He also said there was nothing in current data pointing to an acceleration in inflation, a statement that pushed back the idea of tighter monetary policy.
But traders soon focused on Donald Trump’s protectionist agenda and the risk of a trade war. At the same time, less buoyant economic news prevented markets from successfully digesting announcements of import duties on Chinese goods to the tune of $60bn across approximately 1,300 products. Commerce Secretary Wilbur Ross claimed the move marked only the beginning of talks, but China is to respond by taxing 128 US products, including pork, recycled aluminium, steel pipes, fruit and wine representing $3bn (out of total of $172bn in US imports into the country). In fact, trade war fears should have abated following Washington’s decision to exempt the European Union, Argentina, Canada, Mexico and South Korea from steel and aluminium import duties. Nevertheless, pending talks between the US and China over the issue, the levies on Chinese imports are likely to mark the return of a risk premium on global equity markets and create higher volatility.

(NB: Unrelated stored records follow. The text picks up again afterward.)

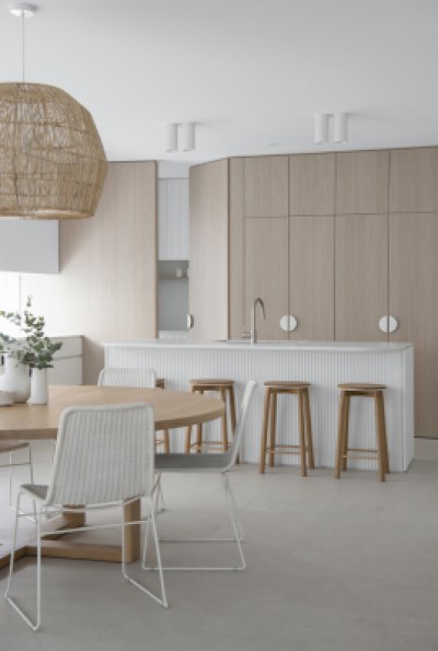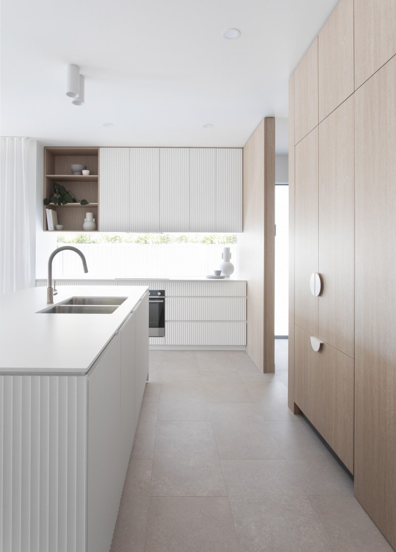 Located in Paradise Point on the Gold Coast, this home embraces Contemporary Coastal design and features. The combination of Coastal Oak Woodmatt and custom Thermolaminated panelled doors in Classic White Matt ensure a timeless colour palette incorporating both warmth and pattern. All cabinetry runs floor to ceiling to maximise storage and create clean lines; and appliances, pantries and storage are hidden behind doors to keep practical elements out of sight.
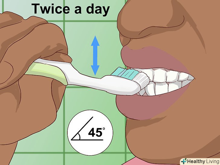Чистіть зуби двічі на день. купіть м'яку зубну щітку і акуратно чистіть зуби вранці і ввечері. Зубну щітку потрібно розташовувати приблизно під кутом в 45 градусів до поверхні ясен. Короткими вертикальними рухами (від ясен до жувальної поверхні або ріжучого краю зуба) рухайтеся по всьому зубному ряду, не натискаючи на щітку. Потім зробіть ще кілька вертикальних рухів, як би трохи "захоплюючи" при цьому ясна, немов ви намагаєтеся натягнути її на зуб. Такий масаж ясен поряд зі стандартною технікою Чищення стимулює зростання ясен і є хорошою профілактикою рецесії. [21]- Важливо почистити всі поверхні зубів.
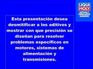 Este documento busca desmitificar los mitos sobre los aditivos para motores y mostrar sus beneficios reales. Explica que los aditivos están diseñados para resolver problemas específicos como la formación de depósitos, el desgaste excesivo, la baja presión de aceite y el humo azul. También destaca que los aditivos de la marca LIQUI MOLY han sido desarrollados con tecnología avanzada para solucionar problemas puntuales y garantizar resultados si el problema es bien diagnosticado.
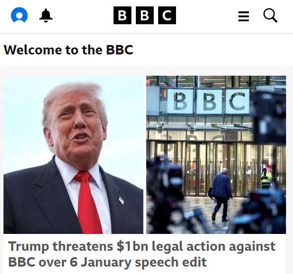 BBC报道截图:BBC剪辑特朗普1月6日演讲引发争议,特朗普扬言10亿美元起诉

US tech stocks had already dragged markets lower at the beginning of the week due to the Facebook scandal, and flash PMI manufacturing data in Europe and Japan also weighed on sentiment when they edged lower, albeit from lofty levels. All equity markets retreated with the most cyclical stocks bearing the brunt. And there was the traditional switch to safe havens like 10-year German Bunds and the Yen.
European markets fell sharply over the week. First, Facebook was accused of not protecting subscriber data, then fears mounted over the possibility Donald Trump’s protectionist stance might trigger a trade war, and finally flash European PMI data and US weekly jobless statistics were disappointing. France’s flash data took it back to levels seen 6 months ago while the German ZEW index also faltered.
The ensuing bond rally was strong with French yields falling to a year low and Spanish and Italian spreads widening. All this meant the agreement between London and the EU on the Brexit transition period was drowned out. Tech stocks led decliners followed by interest rate sensitive stocks like banks and insurance companies, as well as cyclicals, industrials, base materials and construction. Only the property sector managed to end the period higher.
In company news, Klépierre made a bid for the UK’s Hammerson but it was rejected. Lower US oil inventories helped the sector to curb losses. Deutsche Bank issued a fresh profits warning which sent the stock lower. Cautious forecasts from Kingfisher hit the construction sector while the agri-food sector suffered after General Mills said it was struggling to pass on higher commodity prices to consumers.
Southwest Airlines’ warning on its unit receipts weighed on air transport and the Air France strike affected 25% of its flights. Airbus fell after another article in Handelsblatt suggested there were further corruption scandals to be unveiled. Europe's electricity producers rose due to a steep increase in carbon credit prices as well as strategic manoeuvres between Eon and RWE. Publicis’ multi-year strategy plan had a frosty welcome as poor January and February figures upstaged any strategic considerations.
US markets tumbled over the week with the S&P losing 3.9% and the Nasdaq ending 4.2% lower. The sell-off was mainly prompted by worries over the reach of Donald Trump’s proposed trade barriers. The Fed also raised its forecasts for growth in 2018 and inflation in 2019.
The likely consequences of a trade war on the global economy trigged rotations into defensive asset classes and stocks. The yield on 10-year Treasuries fell from 2.9% to 2.8% while the equity market lost close to 3%.
Over the week, telecoms, consumer stables and utilities were the best performers. On Thursday alone, utilities gained 0.4% while the S&P fell 2.4%.
In company news, turmoil at Facebook hit the headlines following personal data harvesting by certain companies during the US Presidential campaign. The stock plummeted by 10% over the work, wiping close to $50bn off the company’s market cap.
Worries over escalating trade tensions between the US and China and political uncertainty in Japan sent the TOPIX 0.53% lower over the week. The market was hit by selling pressure from non-Japanese investors concerned about mounting US import restrictions on Chinese products as well as possible retaliation from China. Market sentiment was also hit after PM Shinzo Abe’s approval rate fell by approximately 10% to the low 30s, a consequence of the Moritomo Gakuen issue.
By sector, Mining (+4.55%) and Oil & Coal Products (+3.55%) outperformed the TOPIX led by oil developer INPEX (+4.97%) which rose after compensation on oil drilling interests was agreed with Ecuador, and energy developer JXTG Holdings (+2.96%). Astellas Pharma (+4.81%) and Ono Pharmaceutical (+2.97%) were also strong.
In contrast, Food (-2.68%) and Pulp & Paper (-1.96%) underperformed. Japan Tobacco Industry declined 6.06% and Ajinomoto lost 3.50%. There was also weakness in high-tech sectors (-1.40%) as well among growth stocks like Nitto Denko (-4.71%), Murata Manufacturing (-3.94%), and Keyence (-3.32%).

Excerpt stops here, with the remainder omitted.